Monday, July 21st, 2008

The Chapelle St. Pierre in Villefranche-sur-Mer was the first in a row of Chapels and Churches Jean Cocteau adorned with his characteristical man size murals. He created stained glas windows for the Church of St. Maximin in Metz, murals for the church of Notre Dame de France in London and the Chapelle Saint-Blaise in Milly-la-Forêt, his last resting place.

Left: the Chapel at Milly-la-Fôret that Cocteau decorated and in which he is buried, Right: the stained glass window he made for the church in Metz

Left: the Chapel at Milly-la-Fôret that Cocteau decorated and in which he is buried, Right: the stained glass window he made for the church in Metz

Little is it known, that when Cocteau died he was working on a Chapel project he designed from scratch including the remarkable octagonal floorplan: the Chapel of Notre Dame de Jérusalem in La Tour de Mare.

Forming an Eight

La Tour de Mare (the tower at the sea) is a tiny village near Fréjus at the French Côte d’Azur. It is some 60 km’s from Villefranche-sur-Mer, where Cocteau painted his first Chapel as described in an earlier post. The area in which it was built was bought in the early sixties by a very rich and influential banker and freemason from Nice called Jean Martinon. He intended the grounds as an artists colony, an ideal city. He called Jean Cocteau for help who set out to draw up the plans and designs for a Chapel, assisted by architect Jean Triquenot. Cocteau died in 1963, leaving the project unfinished but with all sketches and plans ready. The project was finished by his close friend and artistic heir Edouard Dermit who finished the last parts of the murals and Roger Pelissier who did the ceramics for the floor mosaic. The difference in style between Cocteau and Dermit is quite apparent in the various tableaus inside.

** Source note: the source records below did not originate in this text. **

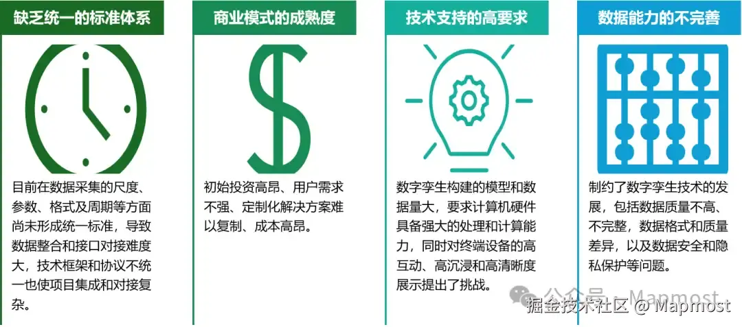 随着技术的发展,数字孪生面临的挑战主要包括缺乏统一的标准体系、商业模式的成熟度、技术支持的高要求以及数据能力的不完善。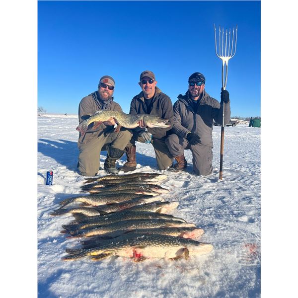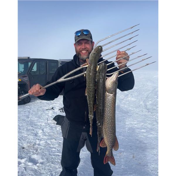 Come Spear the mighty Northern Pike, or ice fish for Walleye and Perch! On this winter adventure, you will be warm inside our huts with plenty of beer and brats to go around! This is a party on the ice! Come hang out with us in the snow!3 days/3 nights of ice fishing for 2 in Bismark ND.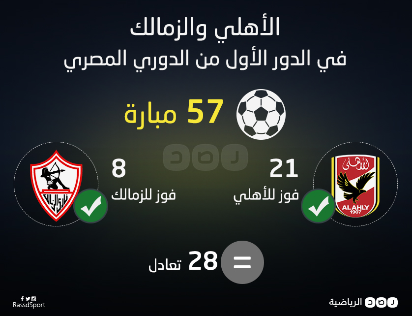 قدم النادي الأهلي وغريمه التقليدي الزمالك عروضًا خلال 57 مباراة للفريقين في الدور الأول من الدوري المصري، نستعرضها في الإنفوجرافيك التالي:
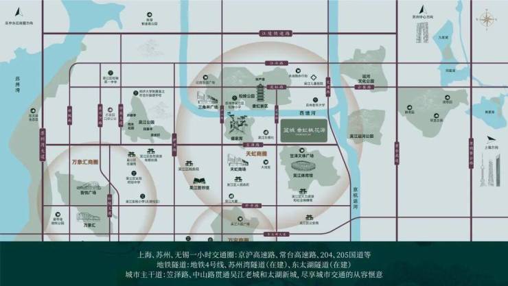 项目坐落于吴江老城芯、盛家厍东、运河畔,扎根2300多年历史沃土,周边环绕华严塔、泰安桥、垂虹桥等众多历史保护文物,随着垂虹桥历史风貌带修复,“垂虹秋月”“长桥卧波”等经典景观众现,住区与千年文脉无缝衔接,堪称“活着的江南文化博物馆”。依托新开河、花园河形成“双河浮岛”格局,伴江南运河水入眠,既续写江南雅致,又实现“左手繁华、右手诗意”的独特居住体验。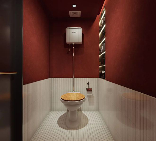 进到卫生间,很难不被眼前这个原始的马桶吸引:马桶的开关是抽绳的,轻轻一拽,冲水的声音立刻将人带回几十年前的筒子楼;木质马桶盖是年代剧里的标准配置,如今已很难见到了。

Notre Dame de Jérusalem, La Tour de Mare

Notre Dame de Jérusalem, La Tour de Mare

Floorplan of Notre Dame de Jérusalem, the black ellipse represents the altar

In religious symbolism, the octagon or the figure 8 represent resurrection, rebirth and eternal life. Jesus’ resurrection took place eight days after his arrival in Jerusalem. Today this symbolism can still be seen in many baptismal fonts in churches all over the world. It is also the shape of the Dome of the Rock, housing the sacred stone that allegedly once supported the Ark of the Covenant.

The building is literally crowned with an iron construction in the shape of a crown. The Chapel is a veritable treasure trove of religious and esoteric imagery. Outside there are magnificently bright and colorful mosaics. Pièce de resistance however, without any doubt is the 360 degree panoramic mural on the eight walls and ceiling of the Chapel’s inside. It’s literally all around you and quite overwhelming when you first see it. It’s adorned by a beautiful floor mosaic. You can get a perfect impression of the Chapel by using the panorama viewer below. It requires the free Quicktime application to be installed on your computer.

Click on the picture to activate and drag your mouse in all directions to look around, up and down, panoramic photo copyright Antonio Moya

The Order of the Knights of the Holy Sepulchre

Jerusalem Cross on keystone over the entrance to the chapels at the summit of Golgotha (Jerusalem)Cocteau devised a very clear theme for his Chapel of Our Lady of Jerusalem. The Jerusalem Cross or Cross with Cross Potent is omnipresent, in fact it appears to have been the basis for the octagonal floorplan. The Jerusalem Cross was a variant of the Crusaders’ Cross (symbol of the Crusader Kingdom of Jerusalem). It was the logo of the Order of the Knights and Dames of the Holy Sepulchre of Jerusalem.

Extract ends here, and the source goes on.